> **WHAT THE EXERCISE ASKS**
In the listing below, print exactly the lines between the line holding "Upholstered in Ortili" and the line holding "Aici am avut", inclusive, and no more.

> **DATA TO USE**
•••••

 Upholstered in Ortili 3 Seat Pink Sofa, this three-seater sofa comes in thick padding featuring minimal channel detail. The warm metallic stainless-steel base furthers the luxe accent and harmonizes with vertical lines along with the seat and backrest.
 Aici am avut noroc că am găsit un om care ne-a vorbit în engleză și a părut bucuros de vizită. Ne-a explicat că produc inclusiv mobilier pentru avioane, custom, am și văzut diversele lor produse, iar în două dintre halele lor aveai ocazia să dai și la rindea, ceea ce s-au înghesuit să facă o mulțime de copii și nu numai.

•••••

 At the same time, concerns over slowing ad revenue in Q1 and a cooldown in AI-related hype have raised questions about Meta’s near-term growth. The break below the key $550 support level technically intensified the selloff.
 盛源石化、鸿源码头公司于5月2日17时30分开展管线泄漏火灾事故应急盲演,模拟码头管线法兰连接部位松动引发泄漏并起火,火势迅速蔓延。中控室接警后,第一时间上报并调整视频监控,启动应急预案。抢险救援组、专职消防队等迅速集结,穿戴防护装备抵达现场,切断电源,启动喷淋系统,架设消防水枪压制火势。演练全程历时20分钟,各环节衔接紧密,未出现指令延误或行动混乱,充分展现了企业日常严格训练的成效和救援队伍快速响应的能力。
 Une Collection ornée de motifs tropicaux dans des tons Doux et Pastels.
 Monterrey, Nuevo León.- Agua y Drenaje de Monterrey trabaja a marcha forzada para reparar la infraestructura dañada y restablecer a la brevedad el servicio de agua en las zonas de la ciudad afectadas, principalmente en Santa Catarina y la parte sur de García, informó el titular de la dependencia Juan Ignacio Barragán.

•••••

> **SOLUTION**
 Upholstered in Ortili 3 Seat Pink Sofa, this three-seater sofa comes in thick padding featuring minimal channel detail. The warm metallic stainless-steel base furthers the luxe accent and harmonizes with vertical lines along with the seat and backrest.
 Aici am avut noroc că am găsit un om care ne-a vorbit în engleză și a părut bucuros de vizită. Ne-a explicat că produc inclusiv mobilier pentru avioane, custom, am și văzut diversele lor produse, iar în două dintre halele lor aveai ocazia să dai și la rindea, ceea ce s-au înghesuit să facă o mulțime de copii și nu numai.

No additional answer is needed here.